Suppose that your favorite finite element software boasted the following claims:
“Over a dozen equation solvers are available to approximate the solution of your problem, and each solver contains a rich set of parameters that you can define to tune the solver’s performance. To maximize the accuracy of your solution and the efficiency of the solution process, simply choose the solver that is intended for your problem type, and then tune it properly. Though it is often not possible to classify your problem type beforehand, usually the right solver can be identified within 3-5 attempts. Then, you can use an iterative tuning process to make the solution even more accurate and efficient.”
If the above statements were true, then each finite element solution would require a full-blown research project to find the right equation solver. The added time and cost of numerous solution iterations would offset many of the benefits of the finite element method within the design process.
Users would get frustrated by their inability to systematically determine what solver to use, and many would eventually avoid using the technology altogether. This state of affairs would be completely unacceptable to modern users of the finite element method. Even the idea seems absurd.
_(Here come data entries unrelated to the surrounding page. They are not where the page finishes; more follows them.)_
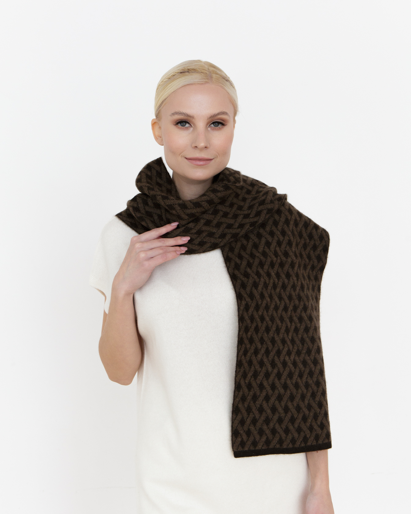 Элегантный шарф из пуха яка — теплый и выразительный аксессуар для холодного сезона. Модель привлекает внимание фактурным геометрическим узором и благородной цветовой гаммой. Шарф легко дополняет повседневные и элегантные образы, создавая ощущение уюта и стиля.
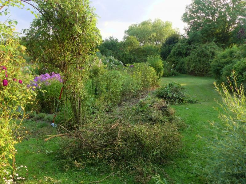 So oft wie heuer habe ich schon lange nicht mehr mähen müssen. Aber anstatt da wo nötig habe ich heute in der Nähe des Chrysanthemen-Sämlings-Prüfstelle gemäht um dort zu zupfen und zu mulchen. Als Geburtstagsgeschenk für Anke sozusagen.
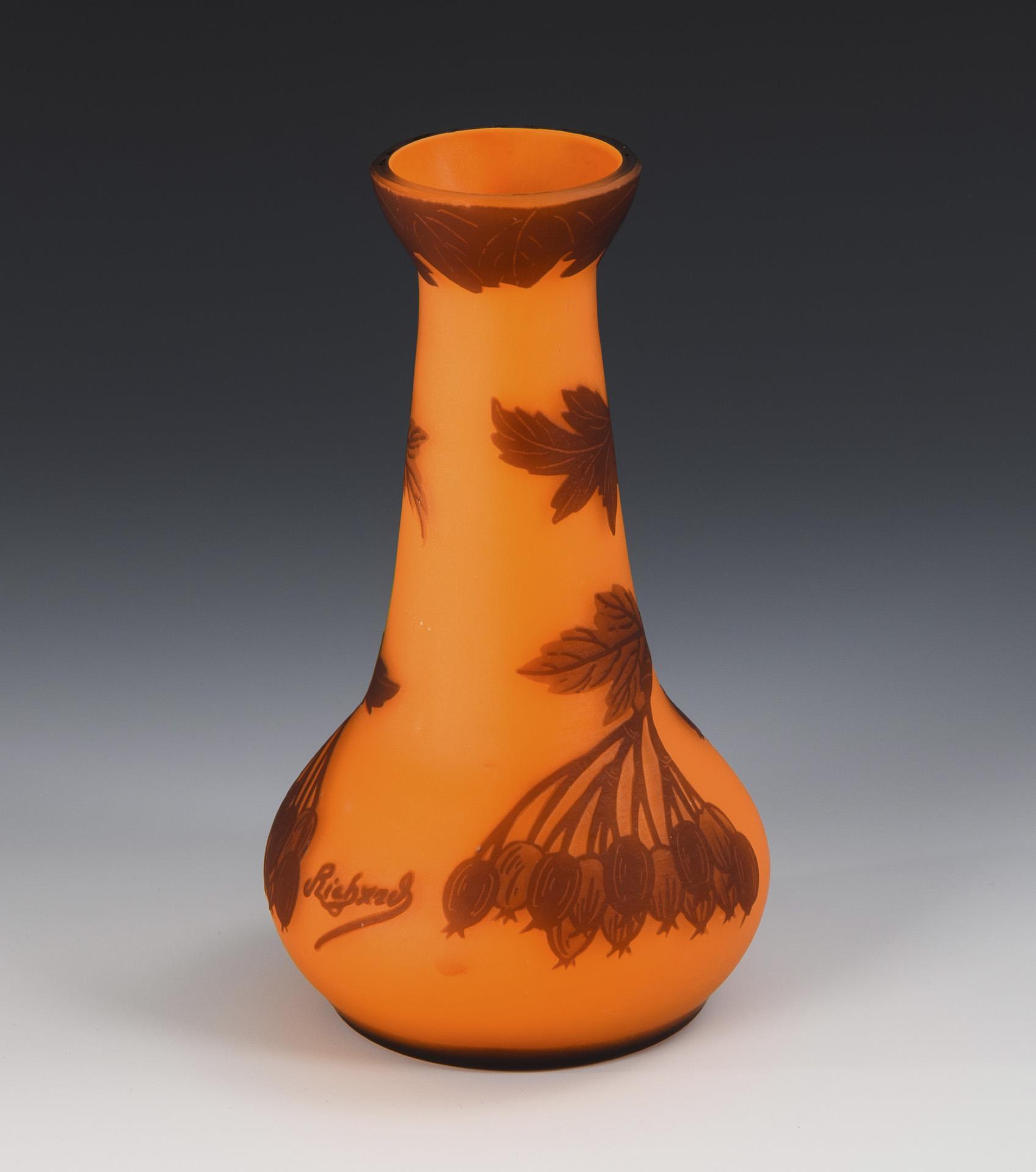 Bauchiger Korpus mit konischem Hals und ausgestellter Mündung. Umlaufend geätztes Dekor: Elsbeernzweige mit Fruchtdolden.
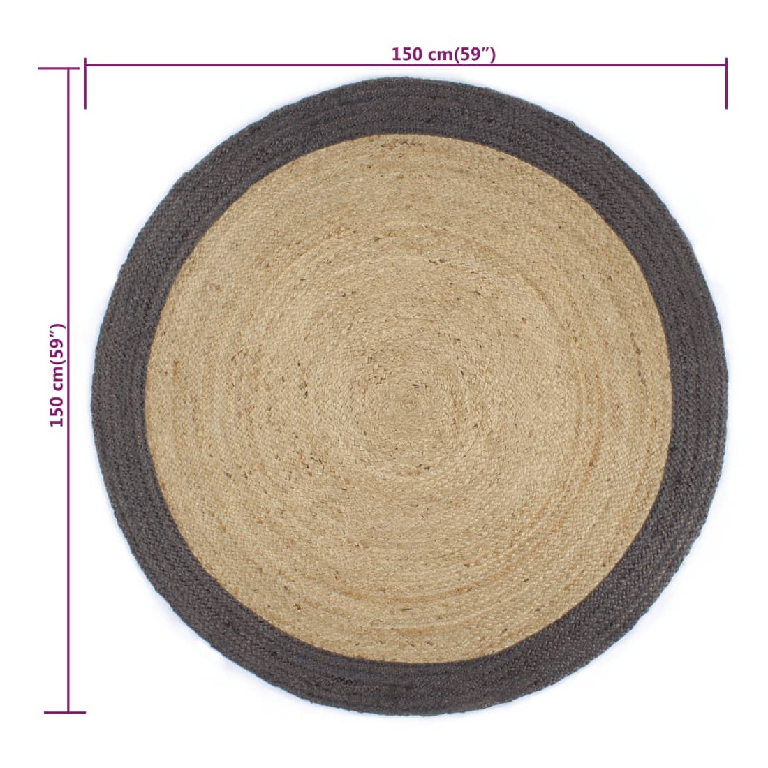 Tapis fait à la main Jute avec bord gris foncé 150 cm

But what if we modify the above hypothetical scenario by simply replacing “equation solvers” with “optimization algorithms” and “solution process” with “search process.” Then, we would arrive at the actual claims made about most modern optimization software:
“Over a dozen optimization algorithms are available to approximate the solution of your problem, and each algorithm contains a rich set of parameters that you can define to tune the algorithm’s performance. To maximize the accuracy of your solution and the efficiency of the search process, simply choose the algorithm that is intended for your problem type, and then tune it properly. Though it is often not possible to classify your problem type beforehand, usually the right algorithm can be identified within 3-5 attempts. Then, you can use an iterative tuning process to make the solution even more accurate and efficient.”
Somehow the absurdity of this statement is not quite as obvious. Most optimization software tool developers are still racing to see who can boast the longest list of algorithms on their product data sheets.
The losers in this race are clearly the users of such optimization tools.
Rather than adding value or clarity to the design process, a longer list of optimization algorithms contributes to inefficiency and confusion. The use of optimization technology will not become mainstream until users rely on a single algorithm to solve many broad classes of problems in an efficient and robust manner. This will require a major paradigm shift in the way search algorithms are developed and how they behave.
What is needed is a search process that does more than follow a fixed set of instructions based on a predefined strategy. One that can lead and organize a team of explorers, each with a diverse and complementary set of skills. One that is agile in adapting the search process to the unforeseen local conditions in various parts of the design space, while also carrying out a broad and efficient exploration of the entire domain. A highly skilled and multilingual trekker. A veritable Sherpa.